Task requirements — Your job with the data below is to output exactly the lines from the one holding "وكتب عبر تغريدة" down to the one holding "Captive Eagle Perched", both included, and no others.

Source information —
____

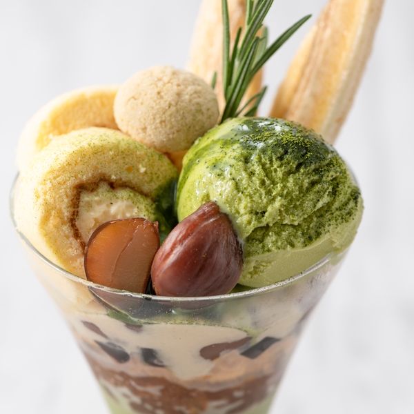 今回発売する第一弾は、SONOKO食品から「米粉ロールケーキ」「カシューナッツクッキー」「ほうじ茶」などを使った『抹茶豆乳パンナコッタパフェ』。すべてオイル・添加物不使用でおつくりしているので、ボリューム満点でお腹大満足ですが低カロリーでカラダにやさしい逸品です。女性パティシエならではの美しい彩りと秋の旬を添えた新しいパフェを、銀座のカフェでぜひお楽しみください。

____

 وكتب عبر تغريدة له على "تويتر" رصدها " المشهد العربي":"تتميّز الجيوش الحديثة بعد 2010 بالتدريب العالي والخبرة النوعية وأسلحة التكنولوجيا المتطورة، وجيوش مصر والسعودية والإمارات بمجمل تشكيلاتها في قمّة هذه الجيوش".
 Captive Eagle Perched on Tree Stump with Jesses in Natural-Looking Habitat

____

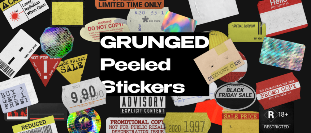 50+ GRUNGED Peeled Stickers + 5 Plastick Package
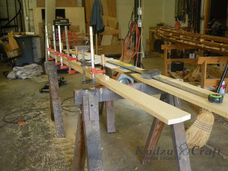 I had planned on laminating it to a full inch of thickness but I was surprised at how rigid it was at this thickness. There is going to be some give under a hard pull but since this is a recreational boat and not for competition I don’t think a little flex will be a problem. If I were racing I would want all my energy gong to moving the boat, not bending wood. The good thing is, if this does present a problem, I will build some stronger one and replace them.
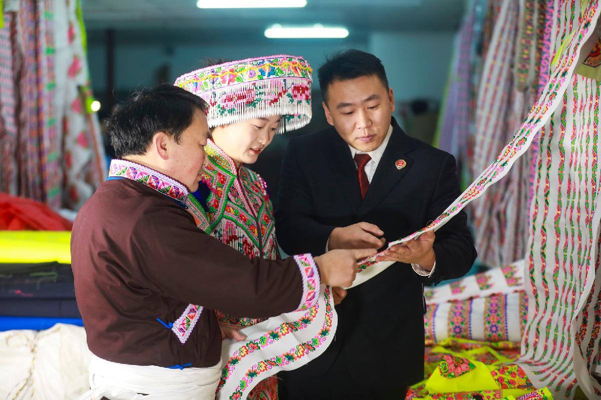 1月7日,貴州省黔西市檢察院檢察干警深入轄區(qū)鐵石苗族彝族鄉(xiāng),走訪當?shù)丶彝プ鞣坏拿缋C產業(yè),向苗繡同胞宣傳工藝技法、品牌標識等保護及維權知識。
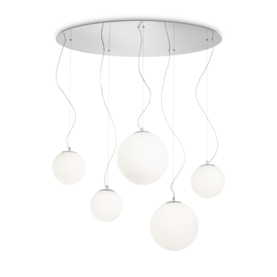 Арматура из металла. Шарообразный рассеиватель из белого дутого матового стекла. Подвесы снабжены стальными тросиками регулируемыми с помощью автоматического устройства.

____

Answer to this task —
 وكتب عبر تغريدة له على "تويتر" رصدها " المشهد العربي":"تتميّز الجيوش الحديثة بعد 2010 بالتدريب العالي والخبرة النوعية وأسلحة التكنولوجيا المتطورة، وجيوش مصر والسعودية والإمارات بمجمل تشكيلاتها في قمّة هذه الجيوش".
 Captive Eagle Perched on Tree Stump with Jesses in Natural-Looking Habitat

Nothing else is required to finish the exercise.